Ernst & Young's legal arm, EY Law, is expanding its legal services offering here in New Zealand as part of a significant network global growth plan
EY Law is a global network involving lawyers either working in partnership with EY’s accounting arm (where allowed), or involving member firms that are independent from EY but share the company’s brand. The latter is the case for EY Law in New Zealand.
Kirsty Keating, EY Law partner and head of the New Zealand EY Legal team, tells NZ Lawyer that the ‘Big Four’ accounting firm’s global legal network includes more than 1,000 lawyers (including 13 in New Zealand) working across 50 jurisdiction – and that the total number is set to double in the next 12 months.
While the menu of service offerings differ between EY Legal branches globally and can include everything from IT/IP to employment & labour law, tax law and mid-tier M&A, the New Zealand branch is currently limited to its existing tax legal team. However, this is set to change.

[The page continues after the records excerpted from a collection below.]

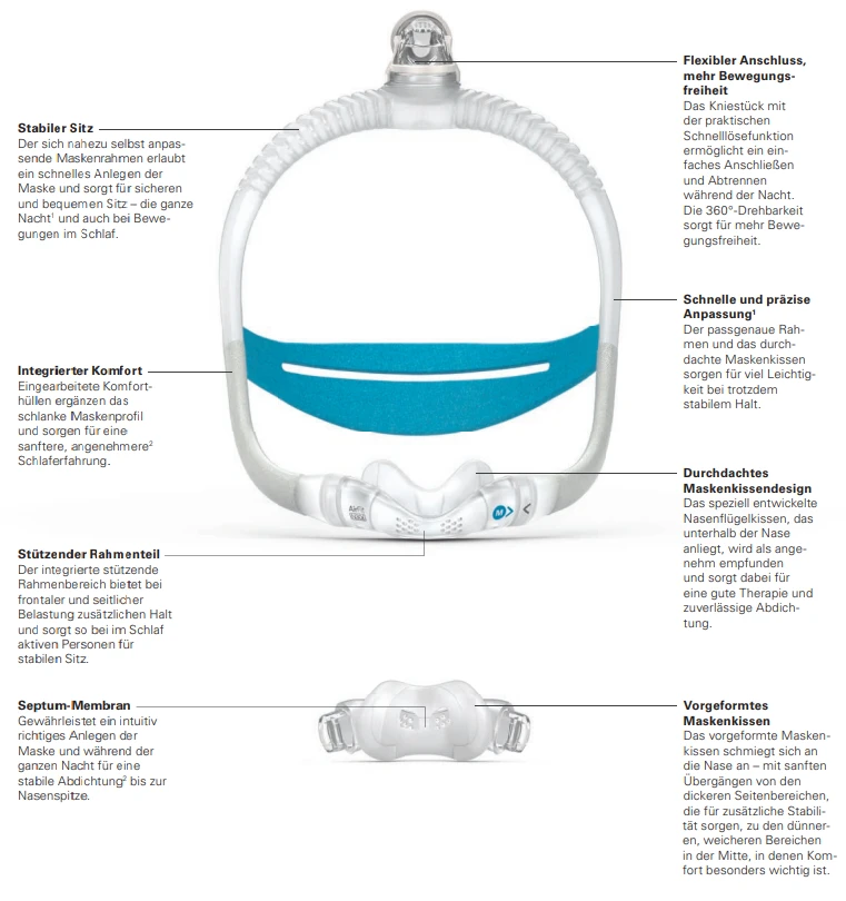 - Hohe Bewegungsfreiheit, mit dem an der Kopfoberseite angeschlossenem Schlauch der ResMed Nasenspitzenmaske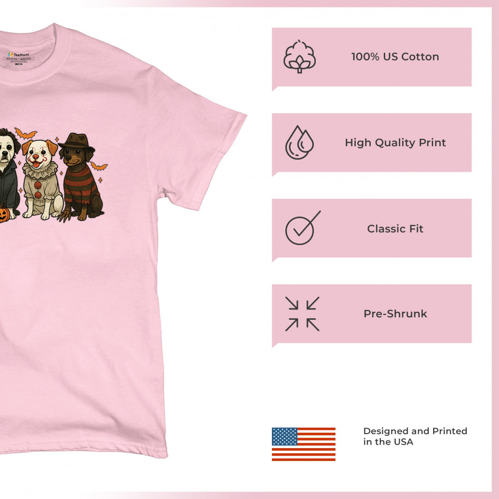 Celebrate Halloween with the Horror Dogs design featuring pups in creepy costumes inspired by spooky icons. A perfect pick for October 31 haunted house visits, autumn nights, or parties full of Halloween vibes. Whether you love dogs, witches, or pumpkin head fun, this festive design makes a playful addition to the spooky season.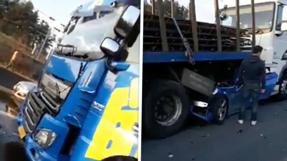 Waarom je nooit tussen 2 vrachtwagens moet gaan rijden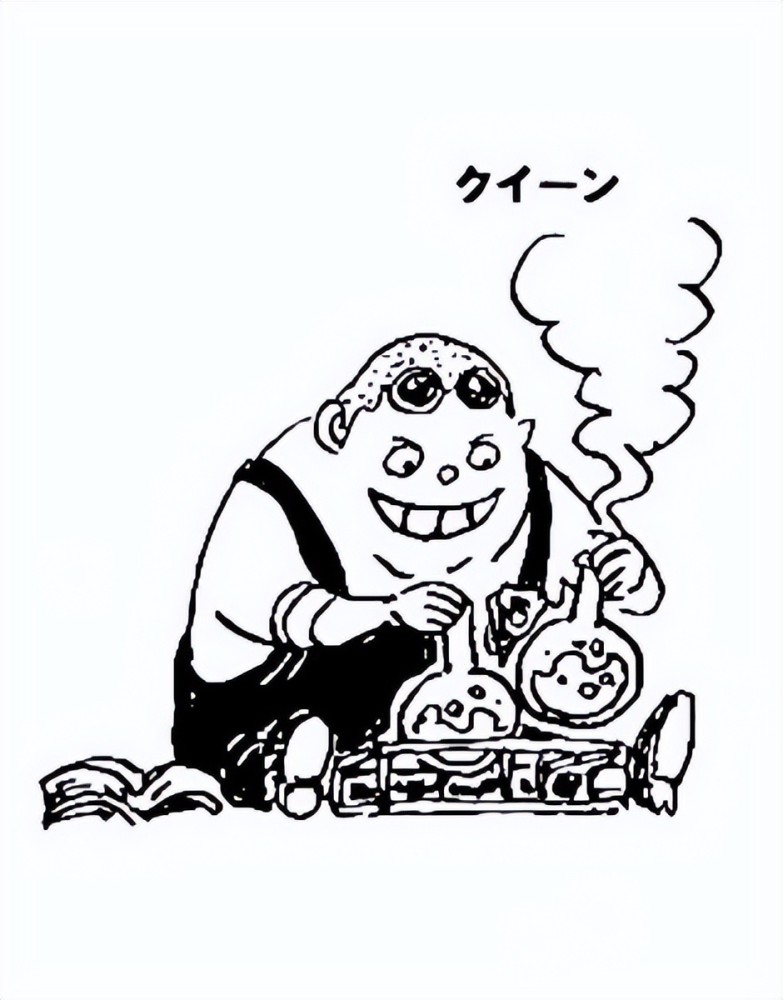 奎因在凯多团中是与烬齐名的人物,元老级骨干,奎因既是凯多团中的战斗人员,也是科研人员,拥有非常聪明的头脑,不过他所研发出的药物都是极其“反人类”的,这点与乔巴形成鲜明对比。少年时期的奎因就比较肥胖,手上拿着化学器械,看得出来家境比较阔绰,难怪性格一直嚣张跋扈。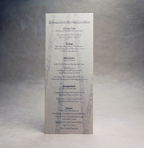 Pictured below are program cards with a variety of art. These cards are also perfect for menus for your event dinner. We offer them on a lotka paper that is embedded with wildflower seeds.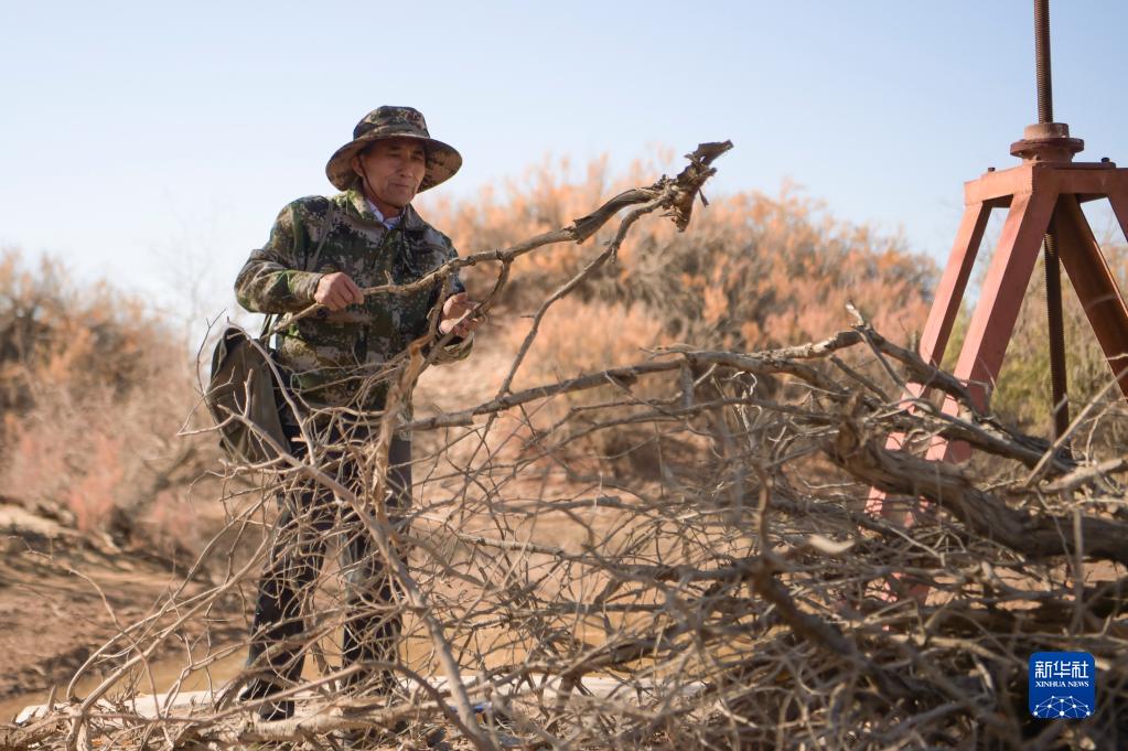 10月11日,護林員魏存廣在額濟納旗七道橋胡楊林區巡護。新華社記者 李志鵬 攝

“New Zealand is in the process of commencing with employment & labour Law and corporate/commercial practices to add to the existing well-developed tax legal team, which specialises in tax controversy services,” says Keating.
She says her experience in New Zealand has demonstrated that clients are receptive to multidisciplinary professional service providers and that EY Law’s relatively new status means the group can grow “organically,” depending on clients’ needs.
“In New Zealand, we are taking an organic approach to the development and expansion of EY Law and will keep our options open to invest where we see opportunity,” she says. “Our clients have received this well and we have the benefit of being flexible and going where the market provides opportunities both locally and via the global network.”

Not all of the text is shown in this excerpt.